In multiprocessor systems, Linux offers yet another feature to kernel developers: a watchdog system, which might be quite useful to detect kernel bugs that cause a system freeze. To activate such watchdog, the kernel must be booted with the nmi_watchdog parameter.
The watchdog is based on a clever hardware feature of multiprocessor motherboards: they can broadcast the PIT's interrupt timer as NMI interrupts to all CPUs. Since NMI interrupts are not masked by the cli assembly language instruction, the watchdog can detect deadlocks even when interrupts are disabled.

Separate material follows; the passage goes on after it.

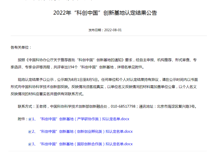 8月1日,中国科学技术协会(简称“中国科协”)网站公布了2022年首批“科创中国”创新基地认定结果,共194个“科创中国”创新基地入选。依托大奶做爱
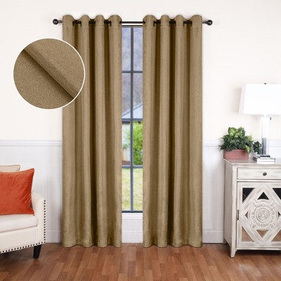 Modern Farmhouse Textured Room Darkening Semi-Blackout Curtains, Set of 2, 52"x96", Tan - Blue Nile Mills

As a consequence, once every tick, all CPUs, regardless of what they are doing, start executing the NMI interrupt handler; in turn, the handler invokes do_nmi( ). This function gets the logical number n of the CPU, and then checks the nth entry of the apic_timer_irqs array. If the CPU is working properly, the value must be different from the value read at the previous NMI interrupt. When the CPU is running properly, the nth entry of the apic_timer_irqs array is incremented by the local timer interrupt handler (see the earlier section Section 6.2.2.2); if the counter is not incremented, the local timer interrupt handler has not been executed in a whole tick. Not a good thing, you know.
When the NMI interrupt handler detects a CPU freeze, it rings all the bells: it logs scary messages in the system log files, dumps the contents of the CPU registers and of the kernel stack (kernel oops), and finally kills the current process. This gives kernel developers a chance to discover what's gone wrong.